Si perdiste tu terraza, que quizás estuviste 5 o 10 años ahorrando para construir, llora. Si el carro que acababas de comprar o que acababas de saldar después de 60 pagos, ahora no prende porque se inundó, échate a llorar. Si estuviste 9 horas en un techo esperando a que te rescataran, asqueado de tu propio olor, pasando frío y con un miedo real a morirte ahogado, bébete las lágrimas. Porque no hay tragedia pequeña y la única manera que tenemos para enfrentar la pérdida es aceptándola primero. Al igual que para sobrepasar adicciones hay que llamarlas por nombre y apellido y llamarse uno por nombre y apellido, hay que detenerse, hacer un inventario de lo perdido, permitirse llorarlo y entonces y solo entonces, empezar de nuevo o simplemente retomar la lucha.


Mi nombre es Edmaris Carazo, y estoy cansada de no tener agua en los grifos. Estoy harta de dormir en un mattress en la sala de mi casa y que me devoren los mosquitos. Estoy drenada por no poder dormir lo humanamente suficiente, estoy humillada por tener que avisarle a mi marido de todos los procesos escatológicos por los que estoy pasando, me siento amenazada por mi propia torpeza y estoy aterrorizada de cortarme o romperme un hueso y tener que terminar en un hospital. Siempre he odiado la incertidumbre y el no saber la fecha de expiración de esta situación me tiene los nervios rotos. Tengo un trabajo nuevo, al que intento llegar a tiempo y bien vestida, cosa que es una batalla campal diaria, porque no puedo lavar ropa, ni mucho menos plancharla, combino las cosas con la luz de una linterna y tardo el doble en cualquier cosa que quiera hacer porque los tapones son infinitos, los semáforos no existen y la amabilidad de los conductores duró apenas los primeros días. Sufro cada uno de los despidos y cada cesantía temporera me acerca un poco más a tener un ataque de pánico, y aunque una de mis reglas de vida es no llorar en el trabajo, leí un estatus de un gran amigo que perdió a su mamá por leptospirosis y aparte de tener que levantarse ese día y seguir viviendo, tuvo y tiene que preocuparse por reunir seis mil dólares para enterrarla.

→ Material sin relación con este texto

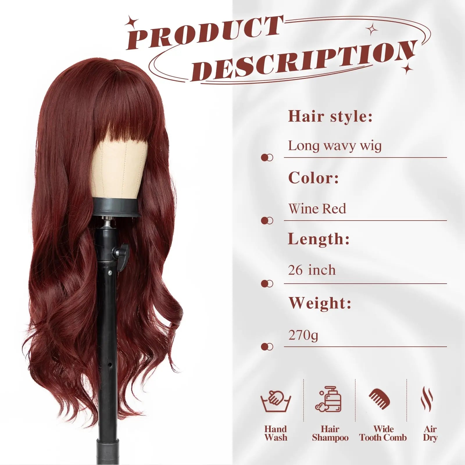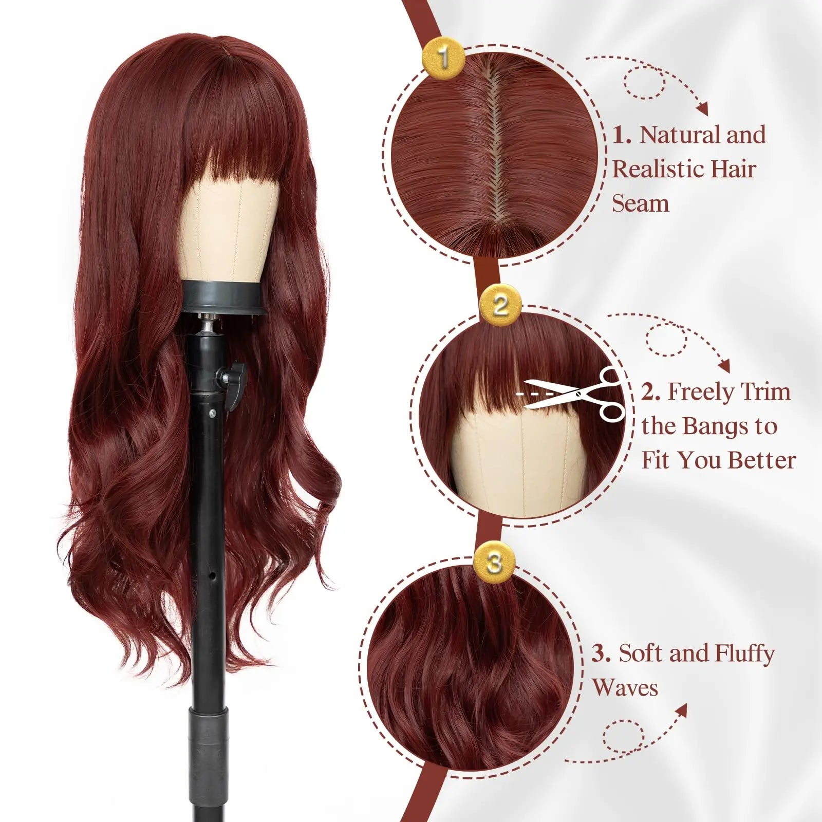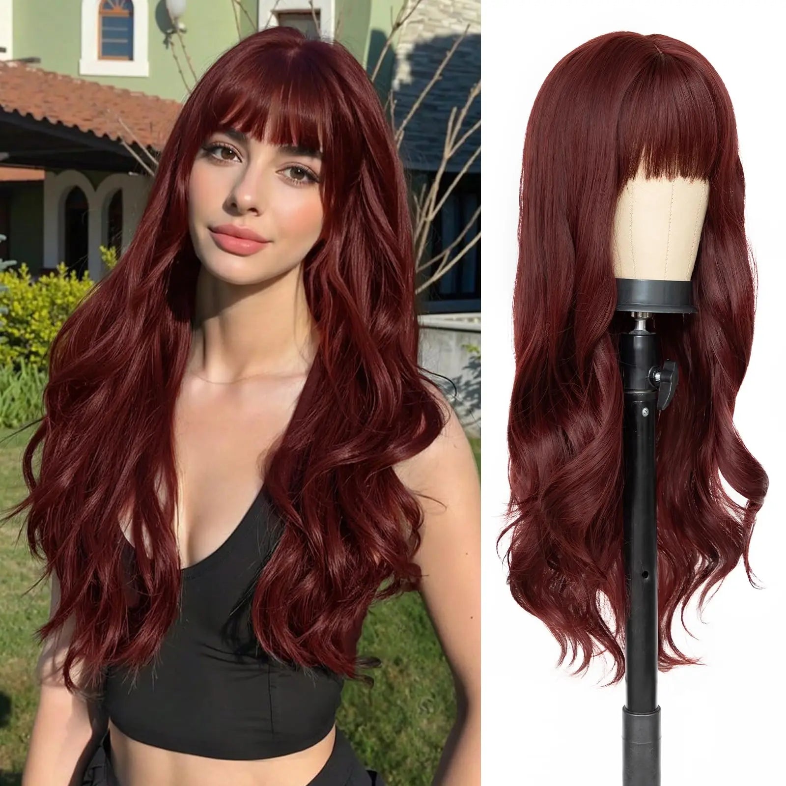 Perruque Vague Rouge Vin - Style Festif et Cosplay
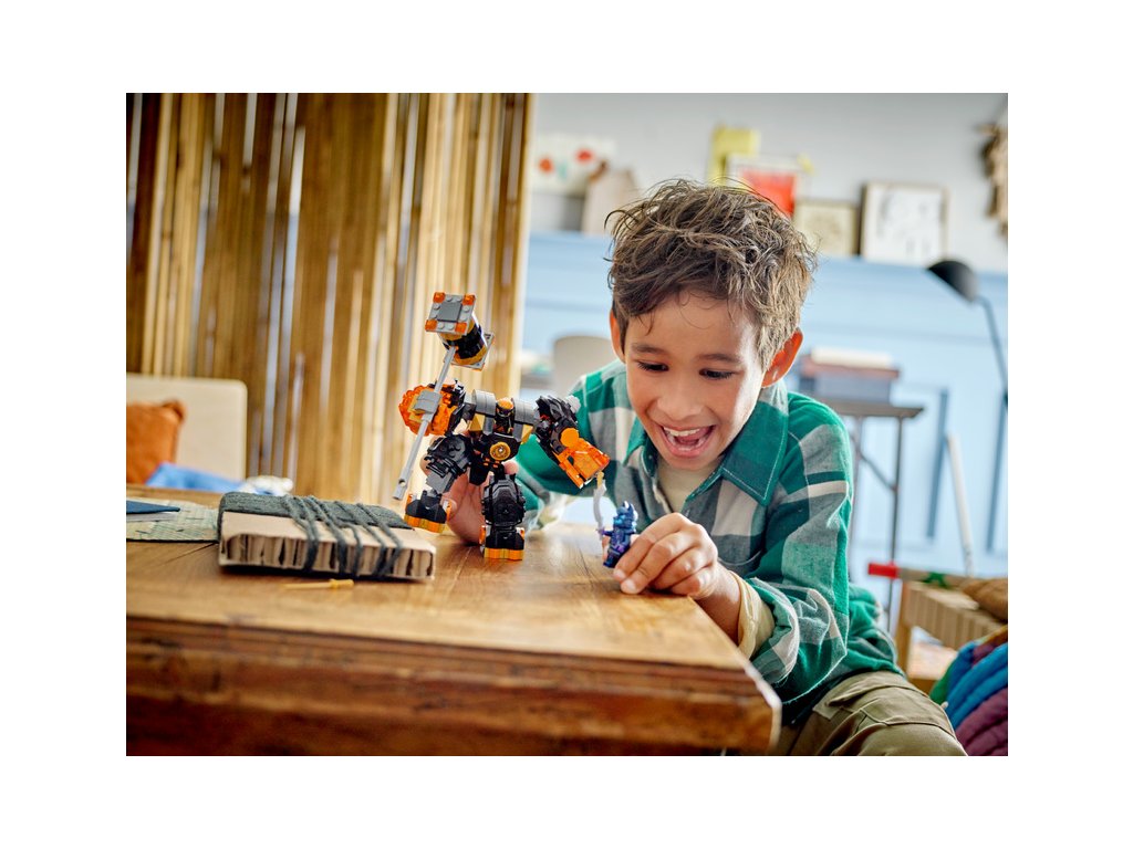 Se stavebnicí Coleův živelný zemský robot děti od 7 let znovu prožijí své oblíbené příběhy z 2. řady seriálu NINJAGO® Dračí povstání. Parádní robot má pohyblivé paže a nohy.
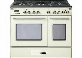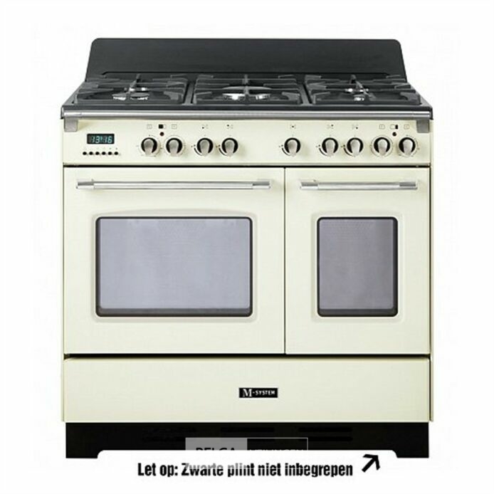 Fornuis,gas,90 cm,2 ovens,oud wit (creme)
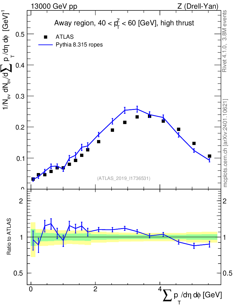 Lines: data, pythia8 8.315 ropes |

Al leerlo pedir que lleváramos arena de una playa al funeral y que su mamá sembró robles y floreceremos, lloré en la oficina en la que no llevo 30 días laborables corridos. Lloré porque confundimos el optimismo con una profunda negación. Lloré porque es irresponsable negar pérdidas que podrían resultar ser epidémicas. Lloré de rabia porque ignorar lo que nos pasa es una forma de perpetuarlo. El “ay bendito” evolucionó a un “estamos vivos”. El “estamos jodidos” que no se dice, se traduce a “hay gente peor”. Las cosas materiales no son todas reemplazables. Algunas cosas materiales son lo único concreto que te quedaba de tu abuela o el símbolo de un préstamo estudiantil que aún estás pagando, o una escritura que perpetúa tus 360 pagos de hipoteca o literalmente el techo de tus hijos o lo que fue la casita de tus viejos. Estar bien y estar vivos no es lo mismo. El dolor no se mide en conteos de muertes certificadas.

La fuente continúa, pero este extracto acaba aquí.